(The data)
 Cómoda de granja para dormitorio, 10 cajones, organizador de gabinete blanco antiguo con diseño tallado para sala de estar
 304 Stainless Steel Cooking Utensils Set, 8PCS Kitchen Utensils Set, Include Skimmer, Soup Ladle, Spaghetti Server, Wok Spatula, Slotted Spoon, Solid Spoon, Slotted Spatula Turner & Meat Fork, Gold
(End The data)
(The data)
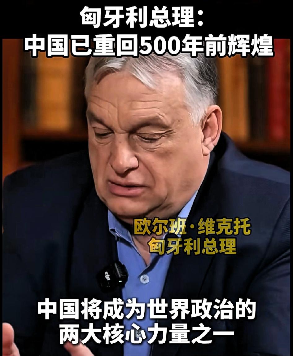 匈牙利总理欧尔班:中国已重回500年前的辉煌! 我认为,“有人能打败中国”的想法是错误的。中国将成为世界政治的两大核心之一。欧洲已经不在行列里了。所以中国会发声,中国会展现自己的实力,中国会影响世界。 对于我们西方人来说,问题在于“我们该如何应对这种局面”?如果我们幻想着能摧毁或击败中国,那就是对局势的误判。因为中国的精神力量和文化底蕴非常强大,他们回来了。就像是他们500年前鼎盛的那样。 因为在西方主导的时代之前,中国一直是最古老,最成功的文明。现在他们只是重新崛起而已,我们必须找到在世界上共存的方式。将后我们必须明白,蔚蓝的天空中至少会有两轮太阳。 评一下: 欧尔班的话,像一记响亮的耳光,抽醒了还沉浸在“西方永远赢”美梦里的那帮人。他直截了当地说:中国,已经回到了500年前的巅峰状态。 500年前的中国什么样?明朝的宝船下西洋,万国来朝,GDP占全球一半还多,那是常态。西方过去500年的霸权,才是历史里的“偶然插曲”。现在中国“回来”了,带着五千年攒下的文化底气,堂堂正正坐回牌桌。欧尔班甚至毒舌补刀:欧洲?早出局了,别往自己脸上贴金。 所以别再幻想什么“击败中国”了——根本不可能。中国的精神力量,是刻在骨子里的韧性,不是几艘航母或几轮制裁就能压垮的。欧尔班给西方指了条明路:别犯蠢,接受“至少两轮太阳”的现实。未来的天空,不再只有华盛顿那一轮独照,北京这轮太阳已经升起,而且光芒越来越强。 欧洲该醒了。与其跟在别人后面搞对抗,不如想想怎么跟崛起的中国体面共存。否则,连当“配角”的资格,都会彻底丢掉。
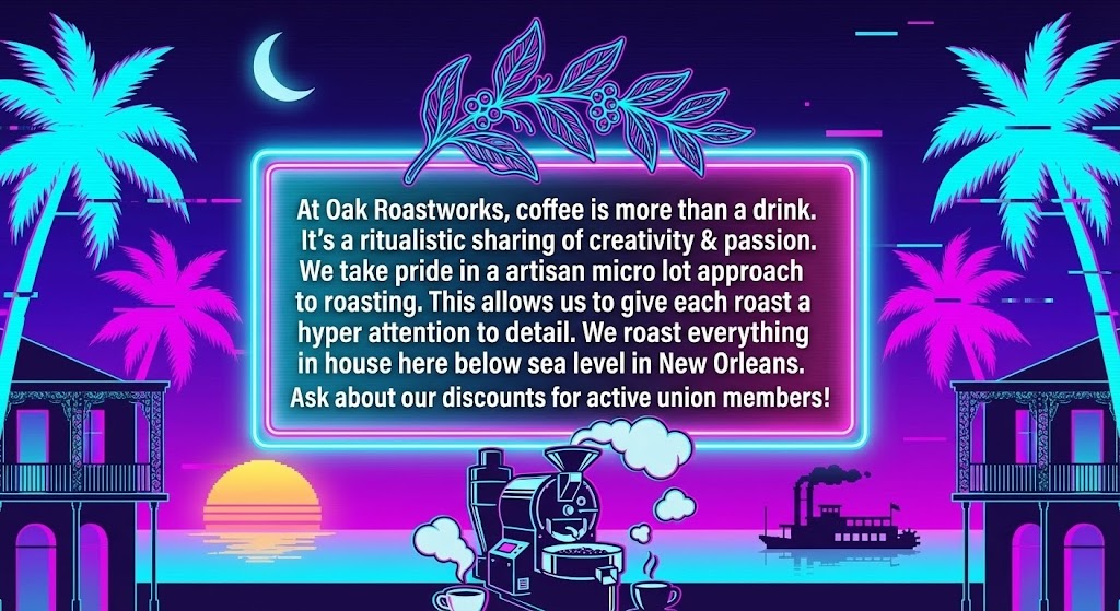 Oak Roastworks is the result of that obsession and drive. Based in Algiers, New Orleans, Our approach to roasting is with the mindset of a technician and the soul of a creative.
(End The data)
What you will do:
Scan the lines above for "Cómoda de granja" and for "304 Stainless Steel". Repeat exactly the line holding each of them and every line in between.

Answer space:
 Cómoda de granja para dormitorio, 10 cajones, organizador de gabinete blanco antiguo con diseño tallado para sala de estar
 304 Stainless Steel Cooking Utensils Set, 8PCS Kitchen Utensils Set, Include Skimmer, Soup Ladle, Spaghetti Server, Wok Spatula, Slotted Spoon, Solid Spoon, Slotted Spatula Turner & Meat Fork, Gold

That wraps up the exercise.